# Information provided
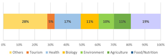 The professional activities of the participants are presented in Figure 4. Considering the subject of the research, some categories were preselected and presented to the participants to choose from. The participants could identify their professional activities linked with more than one option, for example, agriculture plus environment. From the participants who answered this question with one of the given options, a higher number responded Food/Nutrition (n = 2269), followed by Health professionals (n = 1991), and with lower representativeness appear professionals in the area of Tourism (n = 544).
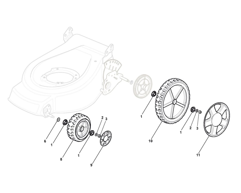 Hier finden Sie alle Ersatzteile von Castelgarden Benzinrasenmäher ab 2008 XSW 55 MBS (ID 291537023/08) aus der Zeichnung Rad und Radkappe:
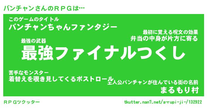 | ファンタジー風あだ名 | 『バンフェル』『エターナルバンチャンー』 |

# What the task asks
Only exact repeats of the lines from the one containing "Hier finden Sie" through the end of the listing above are wanted here; pictures are not.

# Expected output
 Hier finden Sie alle Ersatzteile von Castelgarden Benzinrasenmäher ab 2008 XSW 55 MBS (ID 291537023/08) aus der Zeichnung Rad und Radkappe:
 | ファンタジー風あだ名 | 『バンフェル』『エターナルバンチャンー』 |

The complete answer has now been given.